The honest caveat: the models and the agents themselves got dramatically better over the same stretch, and I can't cleanly separate "my repo got more legible" from "the tools got smarter."
But the direction of the feeling has been consistent: the more the present lived in the repo instead of in prose wrapped around it, the less I had to say to get good work out of the agent.
Where this is going
These days I keep adding defensive lines to prompts: "don't trust stale docs," "check the actual schema," "don't guess where this goes."
The better answer is not to write better warnings.
It is to shape a repo where those warnings are unnecessary.
Keep history for people. Shape the present for agents.
Human-readable history explains why the system became this way.
AI-readable repositories expose what the system is now.
Don't make agents reconstruct the present from the past.

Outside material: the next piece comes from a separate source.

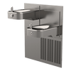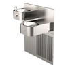 Model H1011.8HO electric Hi-Lo ADA wall mounted combination touchless/push button drinking fountain shall include dual 18 gauge Type 304 Stainless Steel satin finish basins with integral swirl design, 14 gauge Type 304 Stainless Steel wall brackets, 100% lead-free waterways, touchless sensor operated solenoid valve on one side, and push-button operated stainless steel valve with front-accessible cartridge and flow adjustment on the other, polished chrome-plated brass vandal-resistant bubbler heads with integral laminar anti-squirt flow, chrome-plated brass vandal-resistant waste strainers, vandal-resistant bottom plates, stainless steel satin finish back panel and louvered intrusion-proof grill, high and low fountain mounting levels, and 1-1/4" O.D. (3.2 cm) waste pipes. The R-134a refrigeration system is hermetically sealed and delivers a minimum of 8 gph (30.3 L) of water at 50° F (10° C) cooled from 80° F (26.7° C) inlet water at 90° F (32.2° C) ambient. 115 Volts, 60Hz, rated watts: 370, full load amps: 5.

Make the current source of truth impossible to misunderstand.
Top comments (16)
The line doing the most work here is "facts that carry their own freshness" — but I'd push on where that guarantee actually holds. Repo-as-truth fixes human-time drift (the doc rots between commits while the code moves). It doesn't fix within-a-run drift: on a multi-step change the agent reads the current schema/module graph at step 1, its own edits at steps 2–4 move them, and by step 5 it's acting on a structural snapshot as stale as any Markdown — except now the stale fact came from the repo, so it wears the trusted clothes. Dedup removes the second place a fact can rot; it doesn't make the agent re-read the place after it changed it. So the discipline isn't only "fewer spots a fact can rot," it's "re-derive structure after each edit that could have moved it."

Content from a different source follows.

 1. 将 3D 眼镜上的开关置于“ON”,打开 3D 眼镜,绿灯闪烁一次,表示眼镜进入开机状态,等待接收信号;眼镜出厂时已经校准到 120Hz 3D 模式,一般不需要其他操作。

Second push: "a boundary in the build is architecture" only holds for the boundary classes your toolchain can express — import graph (eslint), public surface (exports), data shape (schema). A lot of what actually ends up in CLAUDE.md are semantic invariants no linter has a rule shape for: "never write the ledger outside a settlement event," "this counter is monotonic," "this id is only minted in one place." There's no wall to move those into. So the advice/architecture table needs a middle row: what you can't prevent structurally, you make detectable structurally — a runtime assertion, a property test, an audit query that fails loudly. Otherwise "move it into the build" silently drops every rule the type system can't encode back into hope.
And the map is itself a fact that rots. A "Sources of truth" block pointing at packages/database/schema becomes a confident lie the day someone moves the schema — it survives change only if CI fails when any path in it doesn't resolve. An unchecked map hasn't escaped drift; it's just relocated it one level up, from stale description to stale address.

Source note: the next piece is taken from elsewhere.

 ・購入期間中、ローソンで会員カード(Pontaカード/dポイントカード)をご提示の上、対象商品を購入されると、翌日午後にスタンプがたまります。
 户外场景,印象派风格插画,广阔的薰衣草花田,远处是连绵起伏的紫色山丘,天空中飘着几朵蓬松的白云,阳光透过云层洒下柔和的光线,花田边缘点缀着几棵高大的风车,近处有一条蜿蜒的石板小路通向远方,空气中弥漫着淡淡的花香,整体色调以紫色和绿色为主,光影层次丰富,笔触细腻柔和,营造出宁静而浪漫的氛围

Thanks for the sharp questions. On the guarantees, my answer leans on experience and intuition more than anything I can prove — but let me respond.
On the first point: keeping the repo as an SSOT doesn't happen on its own. I'm consciously maintaining it throughout daily development — running QA and tests right after a feature lands, and treating refactoring for agent-legibility (naming, directory structure) as carrying the same weight as the feature work, done in parallel. I've tried to make that happen structurally. But your reframing is exactly right: it's not just "reduce the places a fact can rot," it's "re-derive the structure after every edit that could have moved it." Within-a-run drift can only be killed there.
The second point is just as sharp. The "middle row" — what you can't prevent structurally, you make detectable structurally — is exactly right, and in real operation it's non-negotiable. For declarative DB changes I'll reach for Atlas or Drizzle, but separately I stand up an intermediate representation that surfaces the live-vs-local schema diff, so the hazard shows up structurally. The type system matters, but it alone doesn't build a paradise for the agent.
Third: the map rots too. That's exactly why a "Sources of truth" block only earns its keep once CI fails the moment a path stops resolving. An unchecked map hasn't escaped drift — it's just moved it up a level. To keep it from degrading from a stale description into a stale address, I pair the map with a mechanism that inspects and maintains it.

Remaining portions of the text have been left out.